Batwoman complicates Ruby Rose’s departure with Circe




Batwoman's Rachel Skarsten is held captive by newcomer Wallis Day in a creepy wooden mask.

Rachel Skarsten and Wallis Day on Batwoman.
Photo: The CW

When Ruby rose announced that she was leaving Batwoman last May, the show had one problem – several problems, in fact. Rose was of course the star and the frontman of the series, but each part The series was built solely around Kate Kane, so the CW writers had to know what to do with the character. So far, the show’s solution is the most complicated decision possible.

I feel for the writers because Rose’s departure left them in a bad position. Since Kate was the only part of the show worth investing in during its lackluster first season, she couldn’t disappear completely, never to reappear; Additionally, Kate would be needed to bridge the second season to the premiere so that the series didn’t feel like it was rebooted in its early days, potentially losing the fans she created. Plus, I can see how the Arrowverse’s commitment to continuity would make the creators feel like they needed to explain why Kate would no longer look or look like Rose. Ultimately, they decided to make Rose’s Kate Kane appear to die in a plane crash between seasons one and two, which led to Javicia Leslie’s Ryan Wilder donning the hood for her.

When Kate returned, she had been disfigured by the accident, which provided a practical reason why she no longer looked like the previous star and would be played by the actor. Wallis Day rather. It’s a pretty messy response, but messy like a traditional soap opera, and it probably would have been nice if Batwoman did not complicate it beyond measure. See, it turns out that Black Mask (Peter Outerbridge) AKA Roman Sionis AKA Season Two’s new bat-villain had sent his minions to capture Kate immediately (like, the plane wreckage was still on fire) and imprisoned her for six weeks, and having Enigma (Laura Mennell) brainwash her into believing that she was his daughter Circe. Meanwhile, Safiyah (Shivaani Ghai), the main season two antagonist, said to Kate’s sister and season one villain Alice / Beth (Rachel Skarsten) that she was holding Kate prisoner on an island. She wasn’t, but was using it to fuck Alice because … she was in love with her and very mad Alice was in love with Ocean (Nathan Owens). I told you, soap opera.

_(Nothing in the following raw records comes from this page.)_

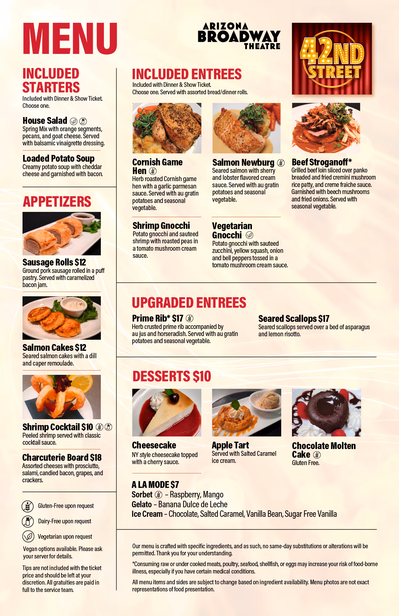 Arizona Broadway Theatre offers a one-of-a-kind dinner-and-show experience. Dinner & Show tickets include soup or salad and an entrée, with upgraded options available. Matinee dining begins at 12 p.m., and evening dining starts at 5:30 p.m. Guests with Performance Only tickets can enjoy cocktails and beverages from the lobby bar before curtain and during intermission.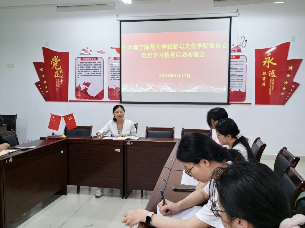 为深入贯彻中共中央办公厅关于党纪学习教育的通知精神,全面落实修订后的《中国共产党纪律处分条例》,进一步加强党的纪律建设。4月17日,bevictor1946韦德官网党委在武鸣校区地信楼B201会议室召开党纪学习教育启动布置会。本次会议由bevictor1946韦德官网党委副书记黄珍主持,bevictor1946韦德官网党委委员,各党支部书记、支委参加会议。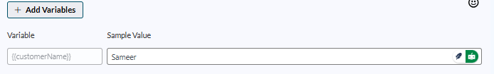 {{customerMobile}},{{customerName}}, etc..Assign a Sample Value to preview messages in real time.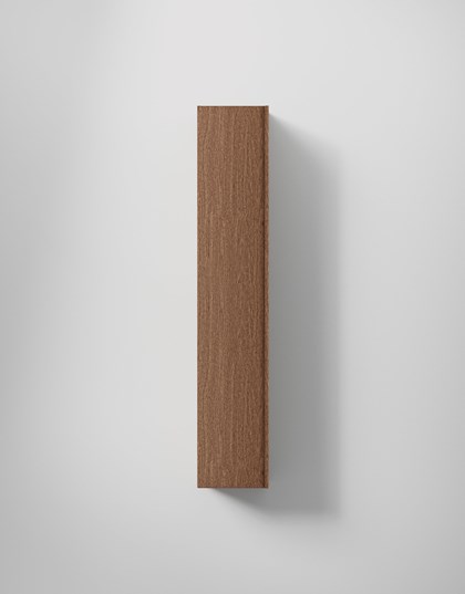 Plassbesparende høyskap i finér med grepslist i massiv eik langs hele dørens langside. Gir en varm trefølelse og maksimal oppbevaring på liten flate.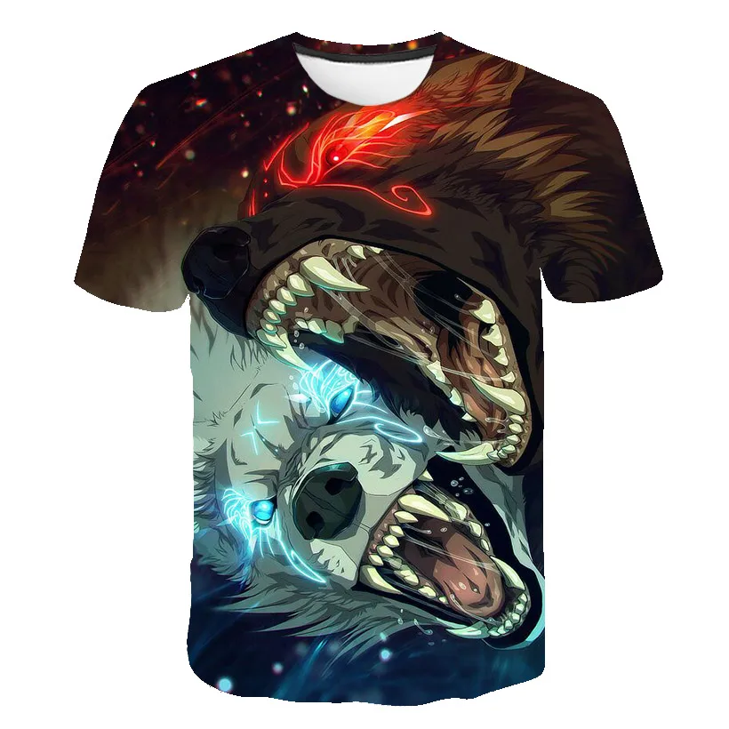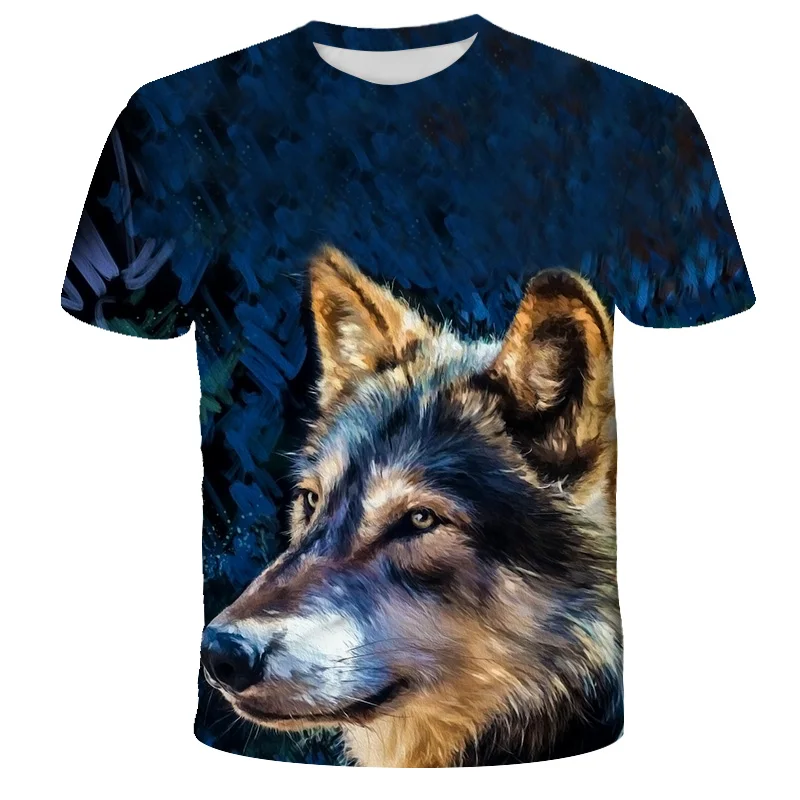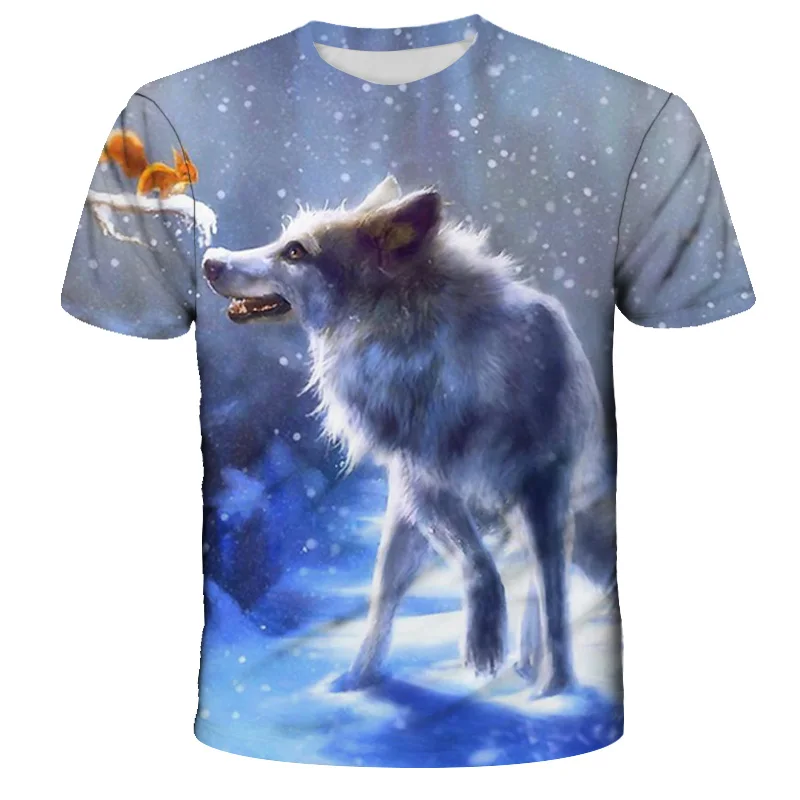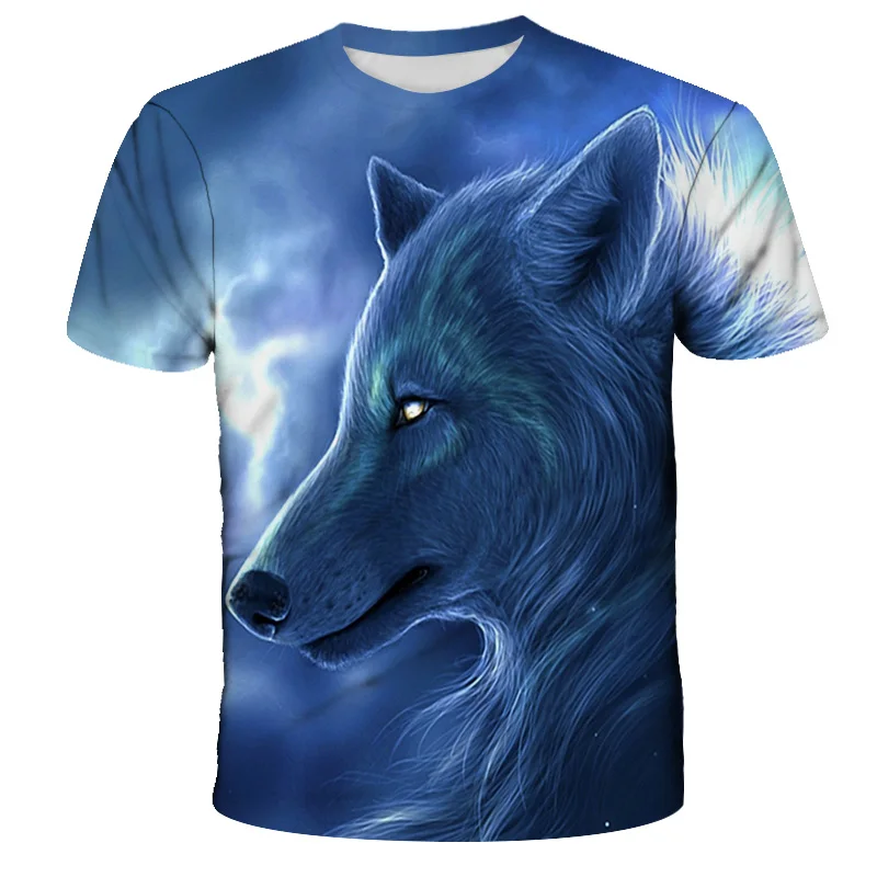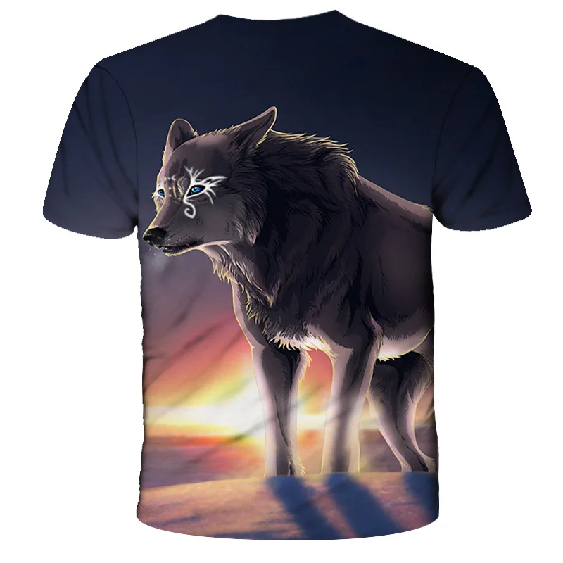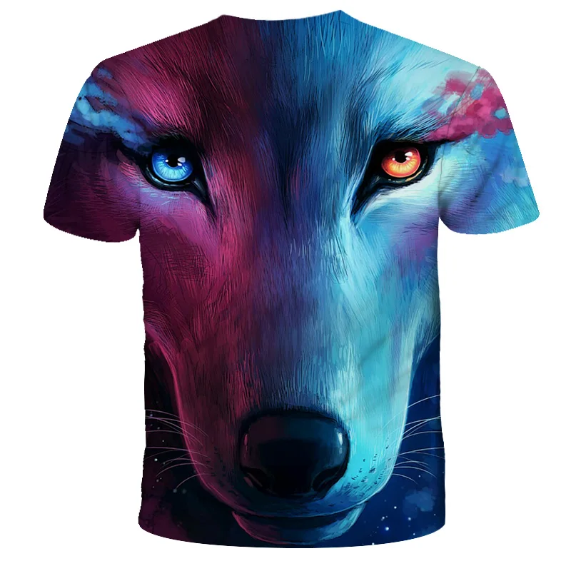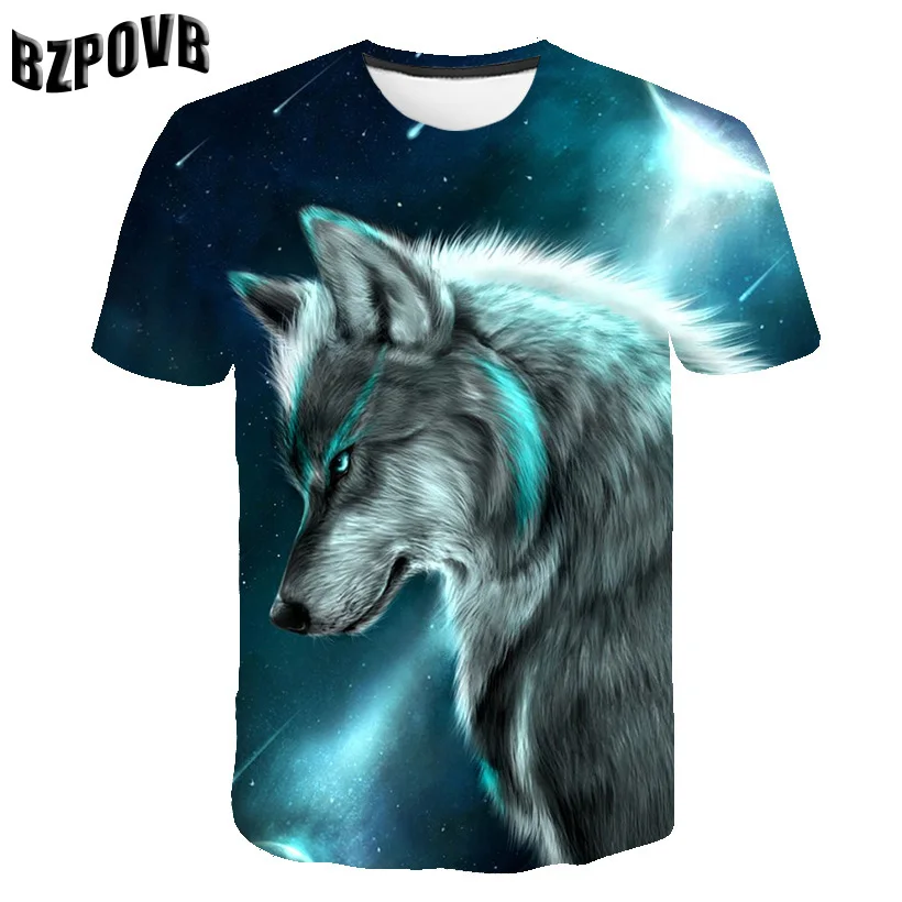 Футболка оверсайз для мальчиков и девочек, модная уличная одежда с 3D-принтом звездного неба, волка, с круглым вырезом и коротким рукавом, в стиле хип-хоп, летняя

What a perfect fit this face is ...

What a perfect fit this face is …
Photo: The CW

In fact, Kate was tortured by Black Mask to the point that her voice mail was damaged (to explain why she didn’t look like Rose either) and was brainwashed to remove “Kate” and replace her memories with that. of Circe who is really dead. Black Mask did all of this because he kind of blamed Batwoman for her daughter’s murder. She actually died in a scramble / fire in Arkham after Alice let all the inmates go cover her own escape in the first season. However, Roman blames Kate-as-Batwoman simply because she was there at the time, so once all the brainwashing is done, he sends Kate-as-Circe to capture Alice. He intends to kill her but at the last moment he changes his mind and asks Alice to use her very special face-making abilities to give “Circe” the true face of Circe … except Alice finally recognizes her sister through her eyes once she put the skin on her.

Attention, this is the simplified version of what happened to Kate, and yet it all seems totally unnecessary. Again, I understand why the show wanted to keep the character, at least until audiences got involved in Batwoman 2.0, and I understand why it felt it necessary to explain why Ruby Rose was no longer playing her. But are Kate fans really happy with her new role as Black Mask’s victim and pawn? Was the story improved by putting Kate through this story walarm? And was spending 14 episodes too much justifying why Kate no longer looked or looked like Ruby Rose any better than just recasting her and not worrying about it?

I think the answer to all of these questions is “no”. It would’ve been so easy to keep Kate’s disappearance a primary mystery throughout the season, which, if done right, would have kept Batwoman fans invested without any of that gobbledygook. It would have been even easier to just recast Kate and have her take a few scenes to explain that she was going out to find Bruce Wayne in the world – which she wanted to do in the first season anyway. Of course, it would be strange if the series’ character cast were mostly made up of Kate’s twin sister, Kate’s father, Kate’s half-sister, and Kate’s former lover, but not Kate, but guess what? Kate is here and it’s still super weird because Kate isn’t really Kate anymore and there apparently was no plan for Black Mask to use her in any way like Kate – he just wanted to may her daughter come back.

It’s the TV equivalent of slowly and painfully removing the Band-Aid instead of pulling it off quickly. What’s the end of the game here? Leaving Kate as a minor antagonist in the show she’s already been fronting for isn’t a viable option; its story must be closed, and the sooner the better. And then maybe Batwoman can tell a story that does not require a flowchart.